What is being asked: In the entries below, find the line with "한국정보사회학회는 9월 21일(토)과" and the line with "Non-Stick Cast Aluminium"; reproduce those two lines and all lines between them exactly, without pictures.

Data for the task:
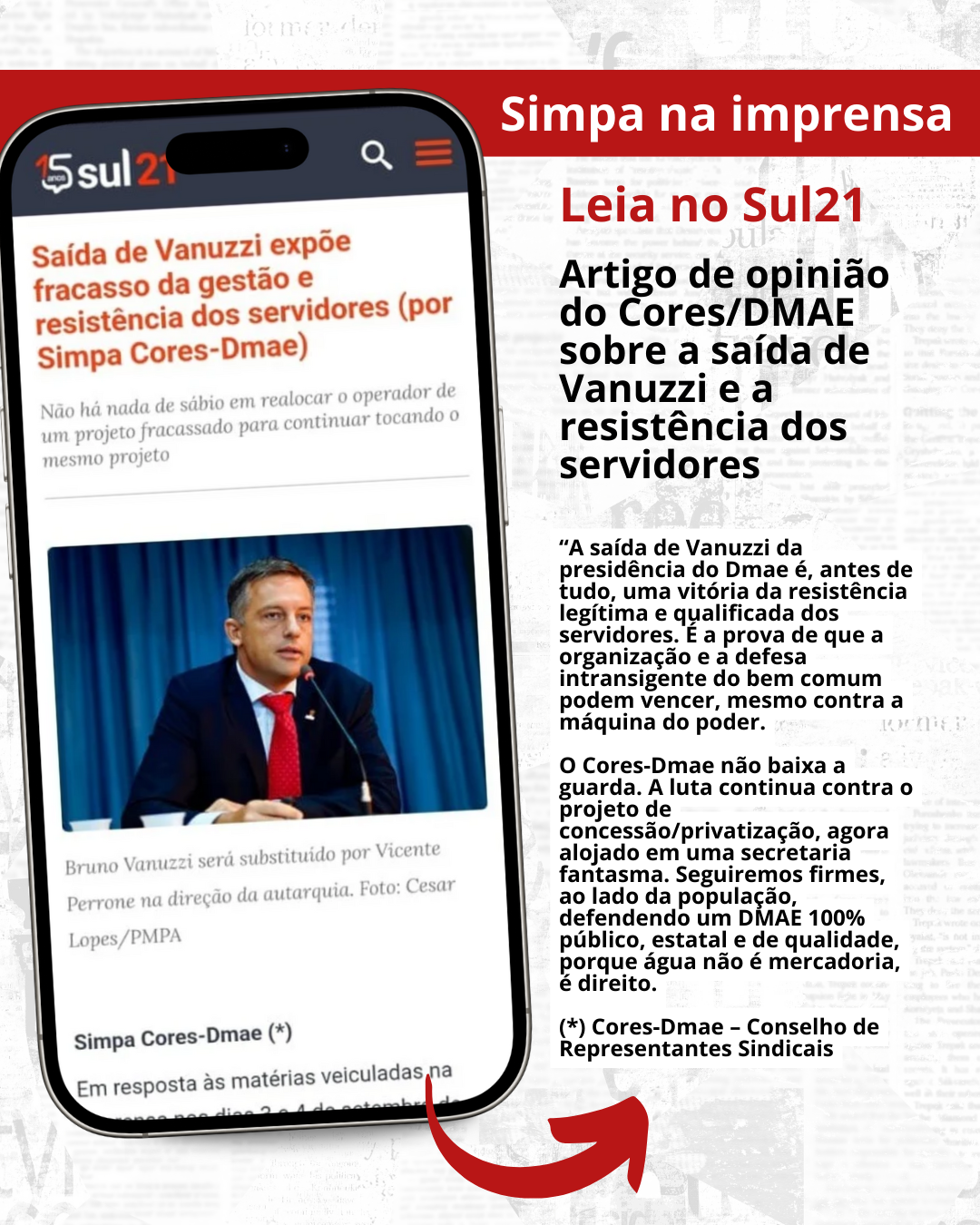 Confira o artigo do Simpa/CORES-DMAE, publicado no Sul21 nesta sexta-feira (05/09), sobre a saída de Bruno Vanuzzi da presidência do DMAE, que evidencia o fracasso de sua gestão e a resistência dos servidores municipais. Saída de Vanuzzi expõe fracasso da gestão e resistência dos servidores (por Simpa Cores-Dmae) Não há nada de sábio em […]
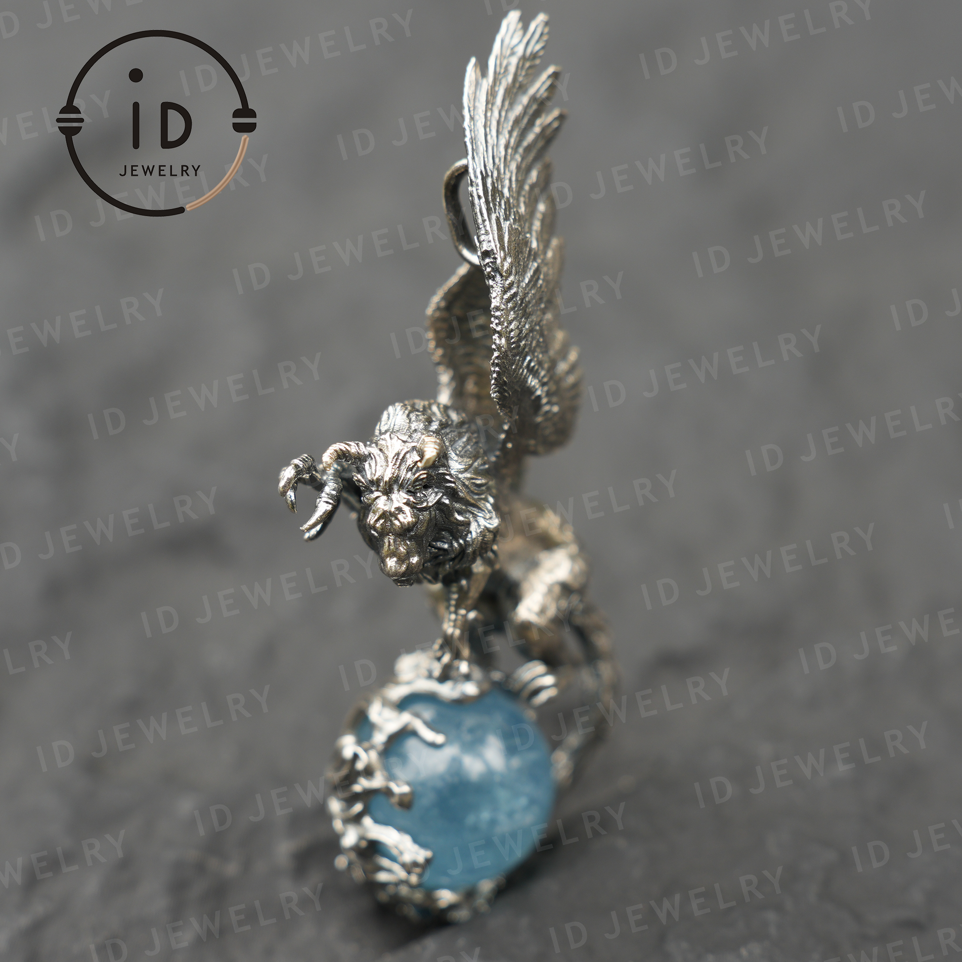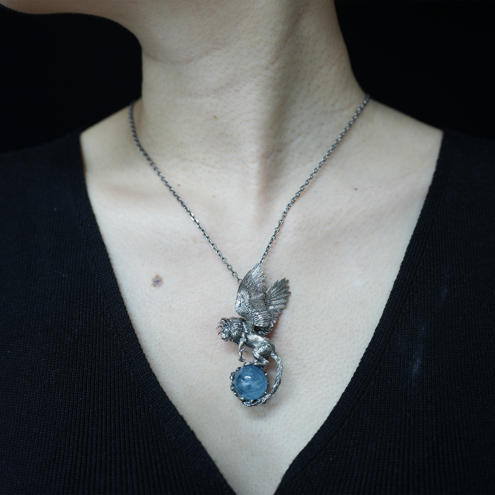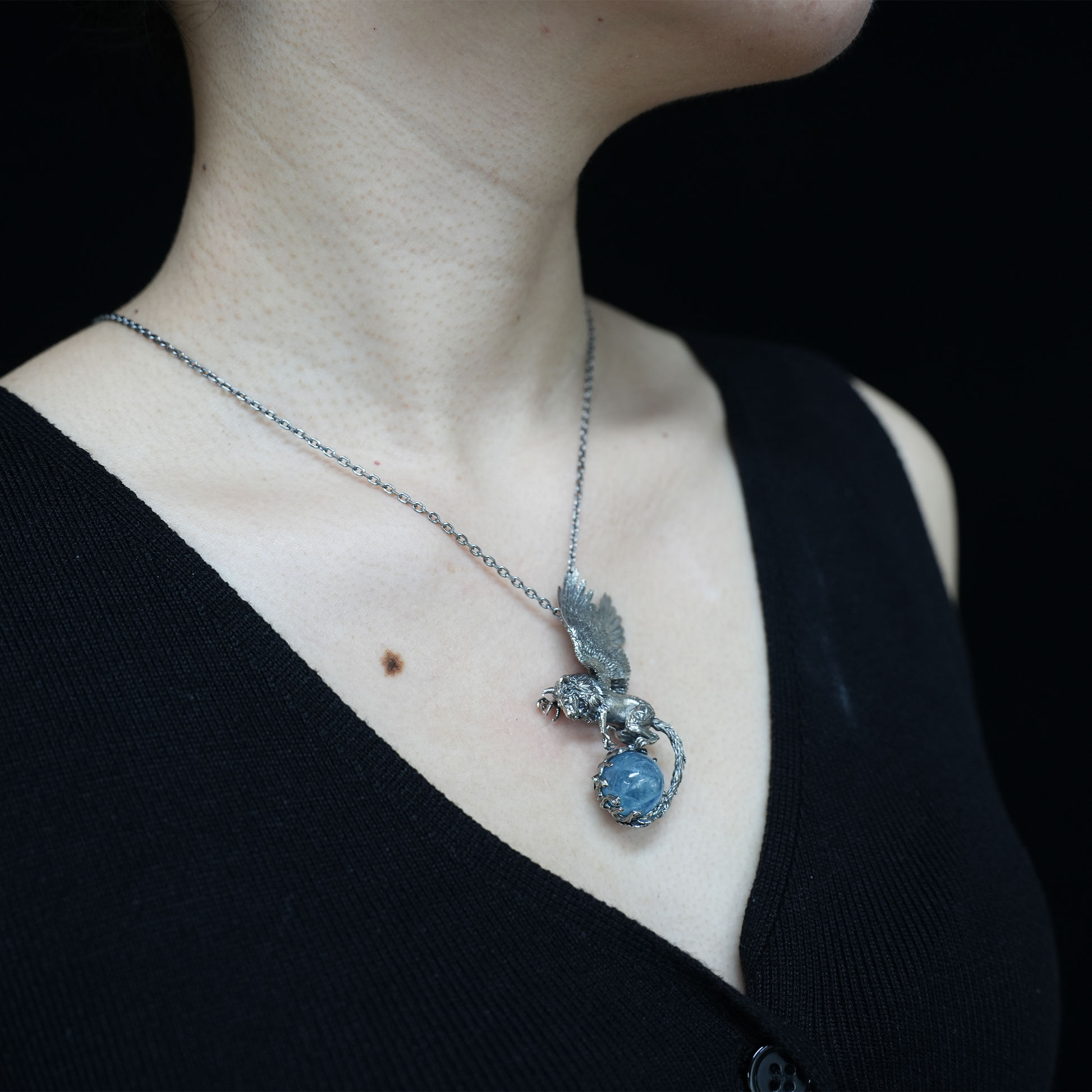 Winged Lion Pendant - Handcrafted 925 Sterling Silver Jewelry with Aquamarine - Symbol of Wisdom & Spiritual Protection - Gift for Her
==
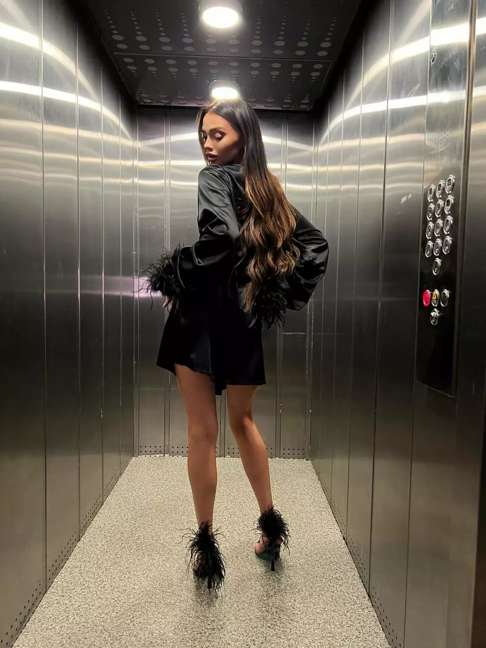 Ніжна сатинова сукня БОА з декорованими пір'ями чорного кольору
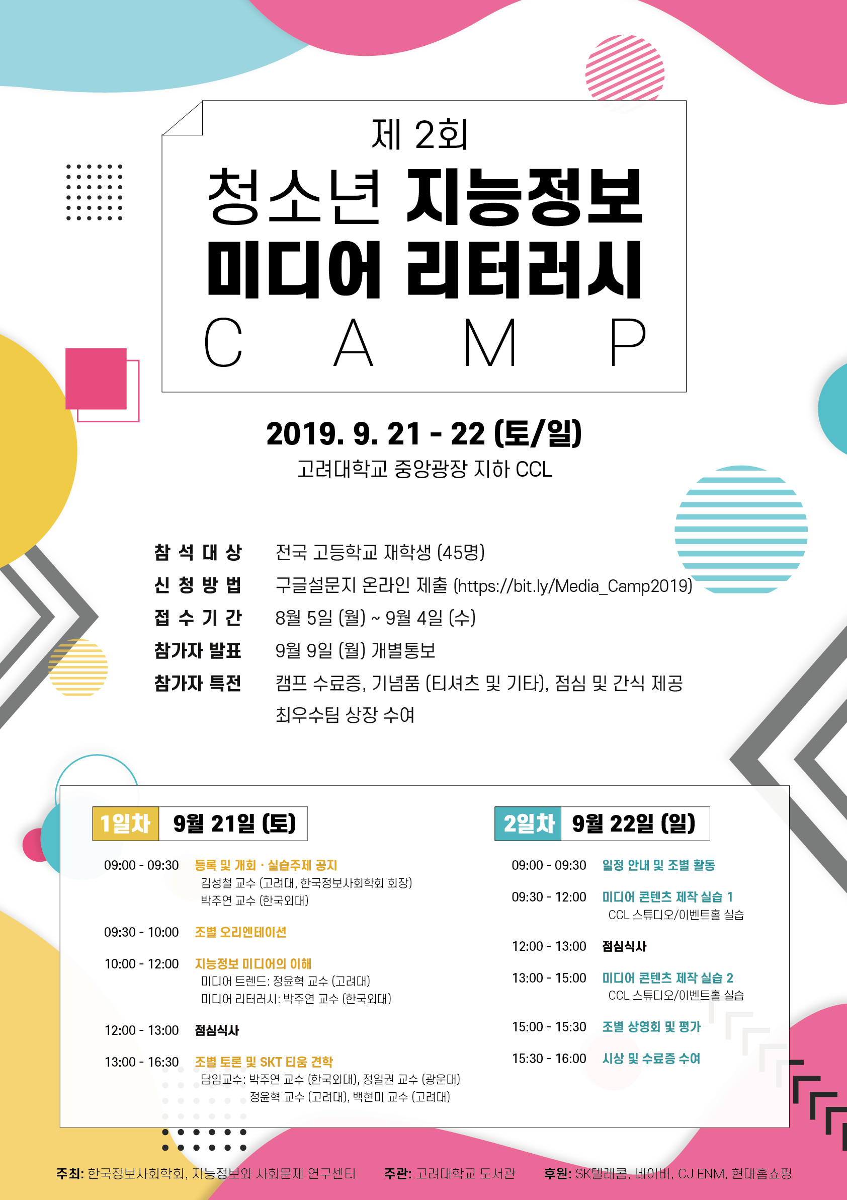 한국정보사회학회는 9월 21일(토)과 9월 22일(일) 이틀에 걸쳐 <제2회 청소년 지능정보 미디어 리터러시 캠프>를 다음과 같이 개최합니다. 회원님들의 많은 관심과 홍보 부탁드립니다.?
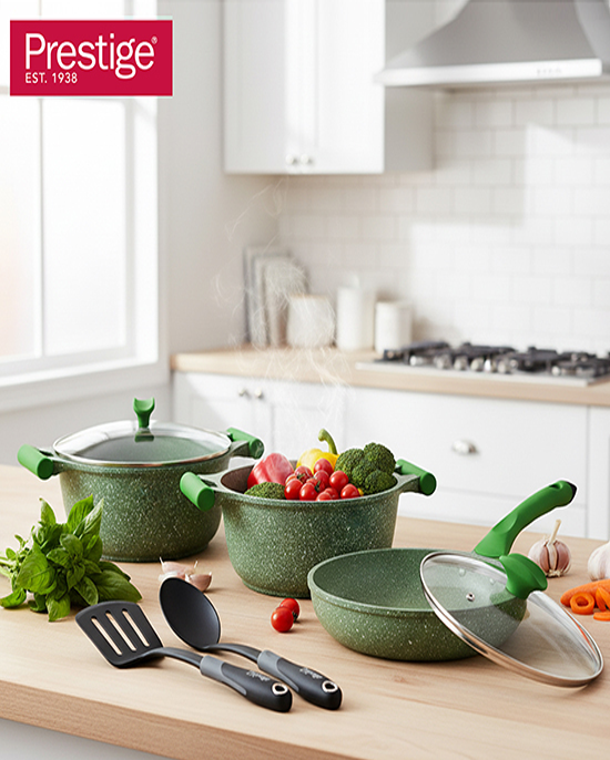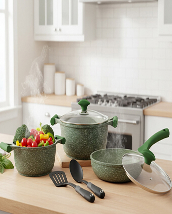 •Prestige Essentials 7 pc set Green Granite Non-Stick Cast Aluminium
---
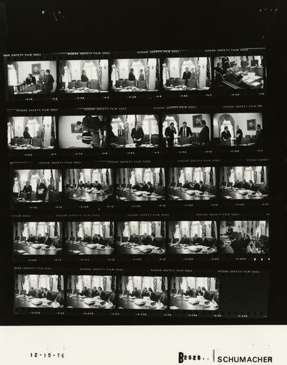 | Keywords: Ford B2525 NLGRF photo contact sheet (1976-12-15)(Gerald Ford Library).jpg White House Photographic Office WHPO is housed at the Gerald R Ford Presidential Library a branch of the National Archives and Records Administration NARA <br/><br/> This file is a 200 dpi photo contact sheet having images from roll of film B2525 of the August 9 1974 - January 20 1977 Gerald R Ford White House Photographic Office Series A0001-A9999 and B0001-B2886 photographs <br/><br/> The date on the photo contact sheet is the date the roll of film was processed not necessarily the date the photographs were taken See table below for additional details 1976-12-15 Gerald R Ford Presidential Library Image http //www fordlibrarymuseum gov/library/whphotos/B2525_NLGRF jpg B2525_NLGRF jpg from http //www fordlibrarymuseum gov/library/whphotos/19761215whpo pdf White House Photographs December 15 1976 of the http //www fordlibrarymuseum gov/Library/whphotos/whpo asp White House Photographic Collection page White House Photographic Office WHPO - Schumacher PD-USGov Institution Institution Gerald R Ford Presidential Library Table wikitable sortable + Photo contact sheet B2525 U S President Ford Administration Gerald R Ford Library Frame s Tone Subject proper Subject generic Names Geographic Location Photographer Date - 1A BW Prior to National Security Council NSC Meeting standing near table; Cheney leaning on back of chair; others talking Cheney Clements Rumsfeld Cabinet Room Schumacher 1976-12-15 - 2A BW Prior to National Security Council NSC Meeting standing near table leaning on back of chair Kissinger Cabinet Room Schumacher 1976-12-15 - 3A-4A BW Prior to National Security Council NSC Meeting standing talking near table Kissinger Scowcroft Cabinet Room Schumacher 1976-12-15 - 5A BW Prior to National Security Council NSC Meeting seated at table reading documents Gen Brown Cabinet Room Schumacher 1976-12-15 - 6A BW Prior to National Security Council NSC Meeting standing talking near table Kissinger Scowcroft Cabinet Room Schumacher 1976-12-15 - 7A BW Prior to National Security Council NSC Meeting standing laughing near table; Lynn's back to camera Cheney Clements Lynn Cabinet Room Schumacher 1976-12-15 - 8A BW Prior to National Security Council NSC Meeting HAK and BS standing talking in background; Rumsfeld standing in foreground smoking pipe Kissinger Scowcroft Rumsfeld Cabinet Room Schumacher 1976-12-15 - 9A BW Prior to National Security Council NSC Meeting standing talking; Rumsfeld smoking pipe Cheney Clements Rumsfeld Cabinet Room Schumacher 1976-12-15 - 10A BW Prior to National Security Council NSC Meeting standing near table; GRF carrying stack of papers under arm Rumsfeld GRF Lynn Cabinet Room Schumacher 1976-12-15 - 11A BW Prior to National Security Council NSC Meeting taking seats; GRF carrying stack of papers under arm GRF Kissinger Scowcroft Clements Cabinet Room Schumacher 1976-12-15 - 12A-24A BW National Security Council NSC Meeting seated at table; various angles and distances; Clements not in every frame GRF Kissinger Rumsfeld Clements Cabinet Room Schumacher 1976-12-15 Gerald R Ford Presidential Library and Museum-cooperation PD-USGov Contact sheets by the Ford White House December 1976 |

Solution to the problem:
 한국정보사회학회는 9월 21일(토)과 9월 22일(일) 이틀에 걸쳐 <제2회 청소년 지능정보 미디어 리터러시 캠프>를 다음과 같이 개최합니다. 회원님들의 많은 관심과 홍보 부탁드립니다.?
 •Prestige Essentials 7 pc set Green Granite Non-Stick Cast Aluminium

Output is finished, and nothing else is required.